Mathematical derivation

In order to derive a spectral representation for the propagator of a field $\Phi(x)$ , one consider a complete set of states $\{|n\rangle\}$ so that, for the two-point function one can write

\langle 0|\Phi(x)\Phi^\dagger(y)|0\rangle=\sum_n\langle 0|\Phi(x)|n\rangle\langle n|\Phi^\dagger(y)|0\rangle.

We can now use Poincaré invariance of the vacuum to write down

\langle 0|\Phi(x)\Phi^\dagger(y)|0\rangle=\sum_n e^{-ip_n\cdot(x-y)}|\langle 0|\Phi(0)|n\rangle|^2.

Let us introduce the spectral density function

\rho(p^2)\theta(p_0)(2\pi)^{-3}=\sum_n\delta^4(p-p_n)|\langle 0|\Phi(0)|n\rangle|^2

We have used the fact that our two-point function, being a function of $p_\mu$ , can only depend on $p^2$ . Besides, all the intermediate states have $p^2\ge 0$ and $p_0>0$ . It is immediate to realize that the spectral density function is real and positive. So, one can write

\langle 0|\Phi(x)\Phi^\dagger(y)|0\rangle = \int\frac{d^4p}{(2\pi)^3}\int_0^\infty d\mu^2e^{-ip\cdot(x-y)}\rho(\mu^2)\theta(p_0)\delta(p^2-\mu^2)

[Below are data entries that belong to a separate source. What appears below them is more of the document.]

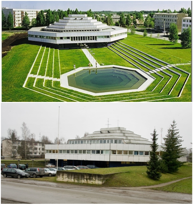 Дом-НЛО, Пентагон, корабль пришельцев – так называют жители небольшого городка в Эстонии административное сооружение, созданное в 1977 г. по проекту архитектора Тоомаса Рейна. Это здание стало настоящей иконой архитектурного стиля советских времен, которое на данный момент охраняется государством как памятник старинной архитектуры старины.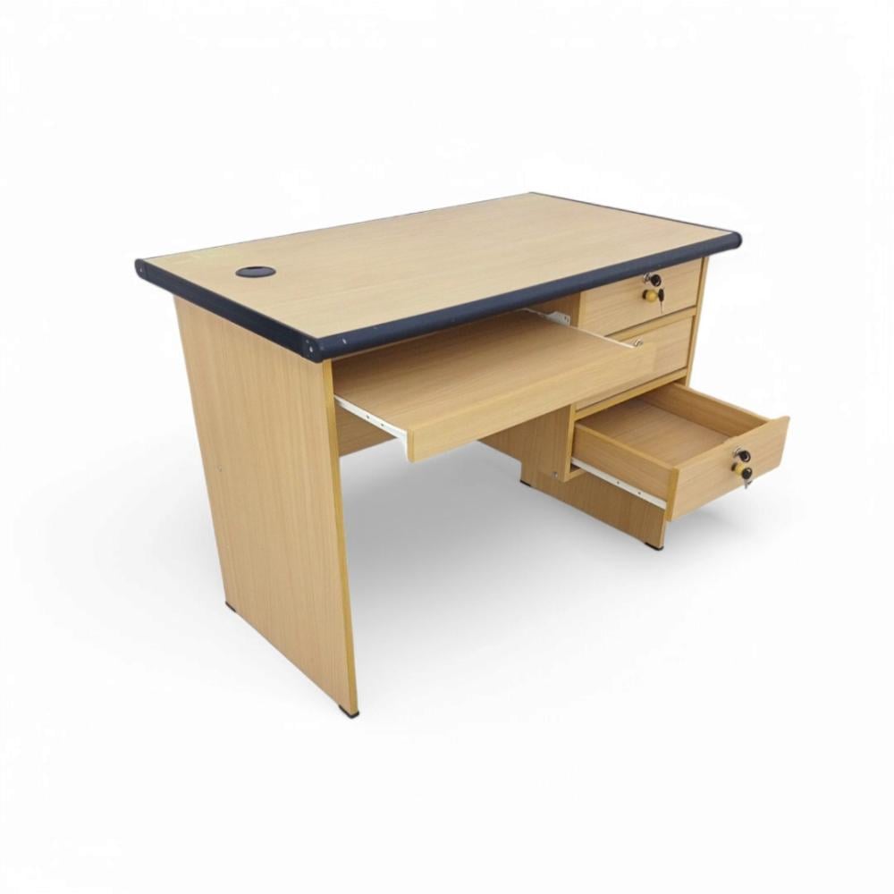 طاولة مكتب أنيقة وعملية مصنوعة من خشب MDF عالي الجودة، بتصميم عصري ولون خشبي دافئ يضفي لمسة أنيقة على أي مساحة عمل. تتميز بأدراج جانبية واسعة لتوفير مساحة تخزين منظمة للمستلزمات المكتبية، مما يجعلها مثالية للمكاتب المنزلية أو المكاتب الصغيرة.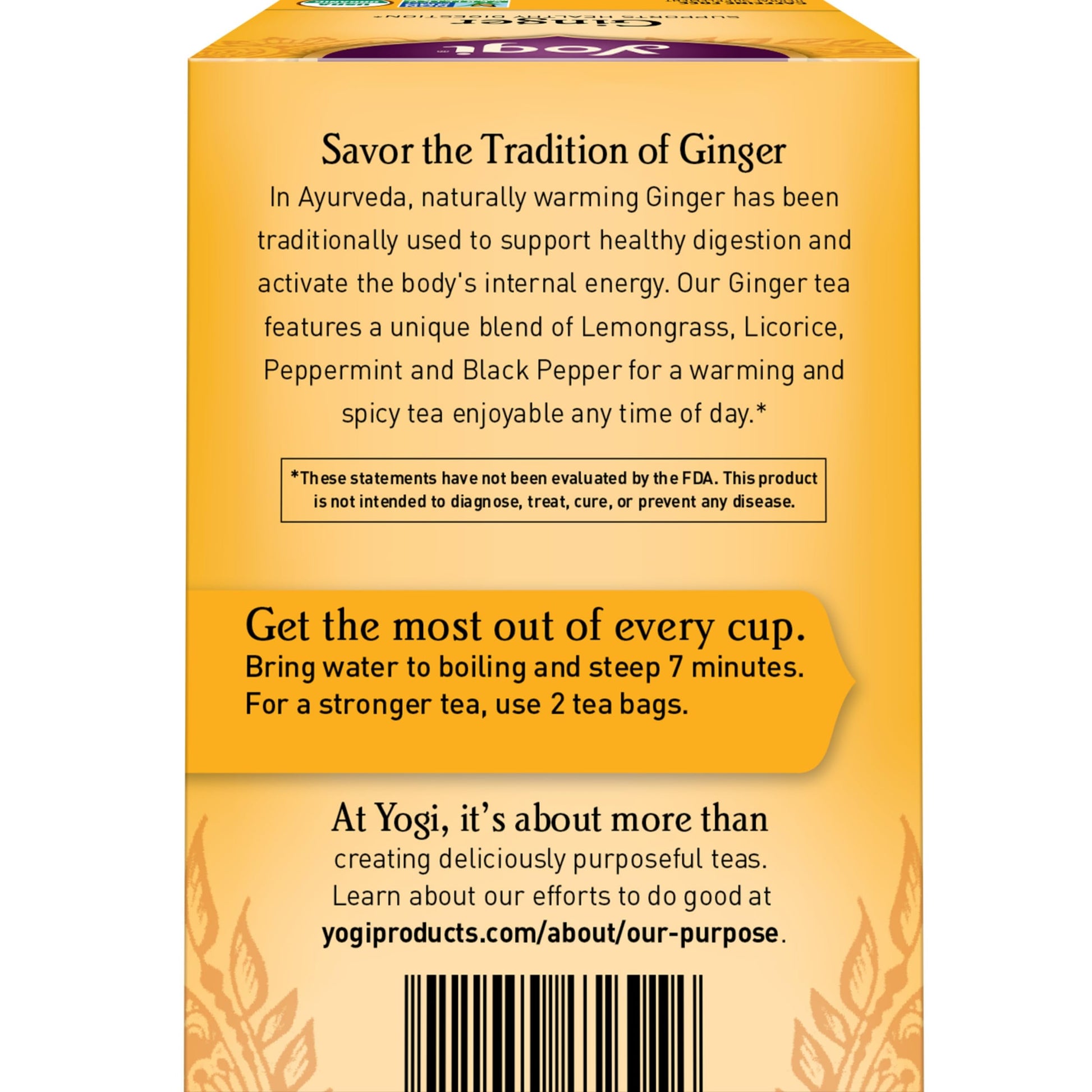 - Q: How does Yogi Ginger Tea support digestion? A: Yogi Ginger Tea is known for its digestive support properties. Ginger has a long history of use in aiding digestion, making this tea an excellent choice for those seeking relief from digestive discomfort. The blend of Ginger with Licorice Root adds a subtle sweetness that enhances its soothing effect.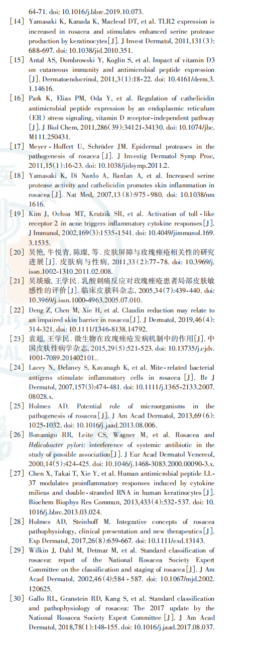 天然免疫反应异常激活在本病炎症形成中发挥重要作用。玫瑰痤疮皮损中,多种天然免疫相关分子如 Toll 样受体 2(Toll⁃like receptor,TLR2)、抗菌肽等表达增加,多种细胞如肥大细胞、巨噬细胞以及中性粒细胞等数量显著增加[13] 。各种外界因素如紫外线、病原生物定植或感染等可促进抗菌肽(如杀白细胞素)的表达,还可通过TLR2[14]、维生素D依赖与非依赖[15] 、内质网应激[16] 等途径直接或间接诱导丝氨酸蛋白酶激肽释放酶 5(kallikrein ⁃related peptidase 5,KLK5)活性增强[17] ,促进表皮抗菌肽cathelicidin转化为活化形式LL⁃37片段,后者可以加重炎症反应和诱导血管生成,是导致玫瑰痤疮炎症反应发生发展的重要机制[18⁃19] 。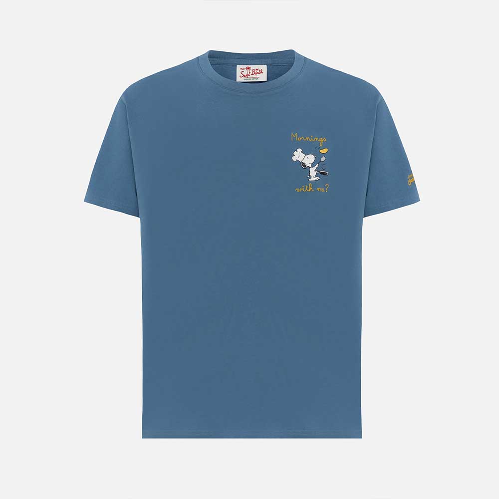 La camiseta Snoopy Mornings 33 Emb. de MC2 Saint Barth es una pieza única de la colección especial Peanuts®, perfecta para los amantes del estilo casual con un toque desenfadado y artístico. Fabricada en 100% algodón orgánico, esta prenda combina sostenibilidad, confort y diseño.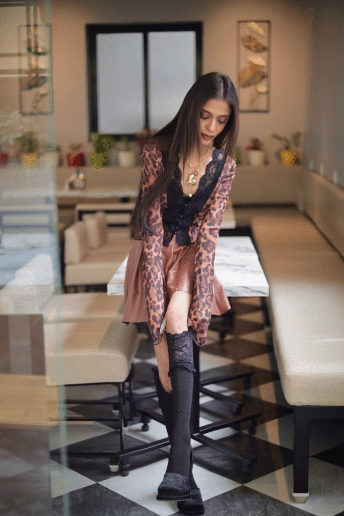 For those who live to stand out, this outfit captures wild elegance at its best. The sheer leopard print contrasts perfectly with the delicate lace and bold leather, creating a layered look full of texture and intrigue. It’s the kind of statement outfit made for confident nights and camera flashes.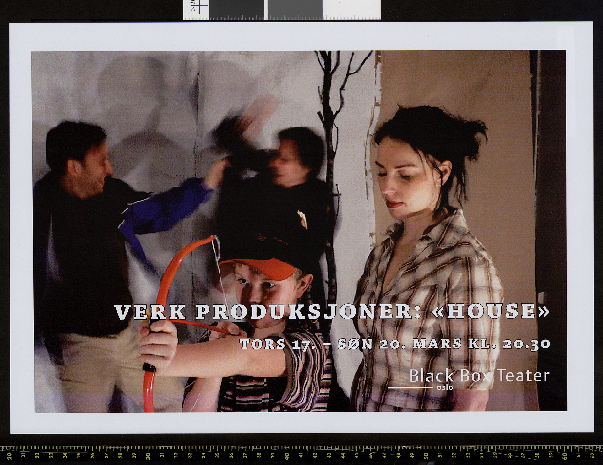 Poster from Verk Productions's production House (2005). The poster is from performance on the Black Box Theater/Parkteatret at march 2003.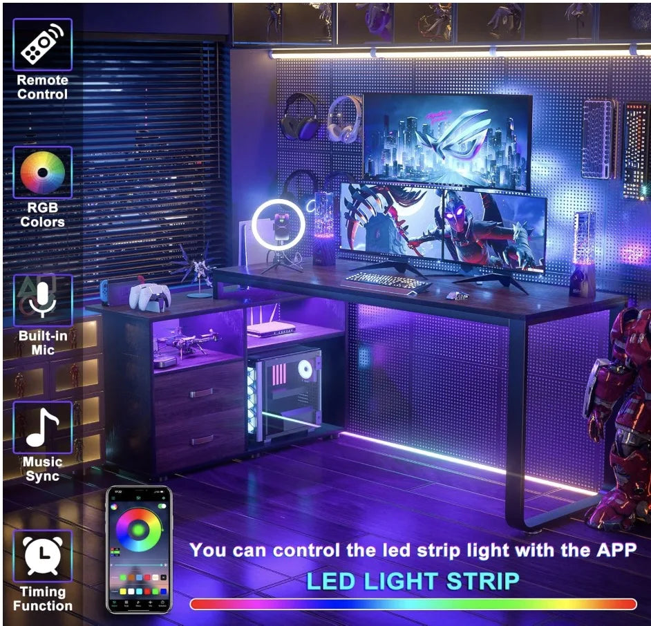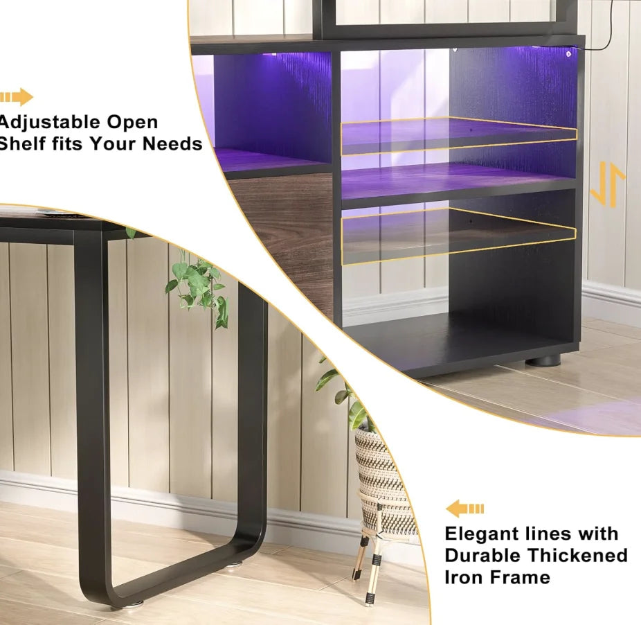 Computer Desk with Socket & Smart LED Lights: Built-in power charge station (3 regular outlets and 2 USB ports included), which allows keeping your laptop, tablet, printer or other everyday devices nearby while charged. You can also control the LED lights with the App, and customize any color you like. Meanwhile, it has a variety of modes like music sync, timer functions, etc, providing a great ambiance for whatever mood you are in.

and we freely interchange the integration, this should be done carefully from a mathematical standpoint but here we ignore this, and write this expression as

\langle 0|\Phi(x)\Phi^\dagger(y)|0\rangle = \int_0^\infty d\mu^2\rho(\mu^2)\Delta'(x-y;\mu^2)

being

\Delta'(x-y;\mu^2)=\int\frac{d^4p}{(2\pi)^3}e^{-ip\cdot(x-y)}\theta(p_0)\delta(p^2-\mu^2)

From CPT theorem we also know that holds an identical expression for $\langle 0|\Phi^\dagger(x)\Phi(y)|0\rangle$ and so we arrive at the expression for the chronologically ordered product of fields

\langle 0|T\Phi(x)\Phi^\dagger(y)|0\rangle = \int_0^\infty d\mu^2\rho(\mu^2)\Delta(x-y;\mu^2)

being now

\Delta(p;\mu^2)=\frac{1}{p^2-\mu^2+i\epsilon}

a free particle propagator. Now, as we have the exact propagator given by the chronologically ordered two-point function, we have obtained the spectral decomposition.

References

↑ Källén, Gunnar (1952). "On the Definition of the Renormalization Constants in Quantum Electrodynamics". Helvetica Physica Acta 25: 417. doi:10.5169/seals-112316(pdf download available)
↑ Lehmann, Harry (1954). "Über Eigenschaften von Ausbreitungsfunktionen und Renormierungskonstanten quantisierter Felder". Nuovo Cimento (in German) (Società Italiana di Fisica) 11 (4): 342–357. doi:10.1007/bf02783624. ISSN 0029-6341.
↑ Strocchi, Franco (1993). Selected Topics on the General Properties of Quantum Field Theory. Singapore: World Scientific. ISBN 981-02-1143-0.

Bibliography

Weinberg, S. (1995). The Quantum Theory of Fields: Volume I Foundations. Cambridge University Press. ISBN 0-521-55001-7.
Peskin, Michael; Schoeder, Daniel (1995). An Introduction to Quantum Field Theory. Perseus Books Group. ISBN 0-201-50397-2.
Zinn-Justin, Jean (1996). Quantum Field Theory and Critical Phenomena (3rd ed.). Clarendon Press. ISBN 0-19-851882-X.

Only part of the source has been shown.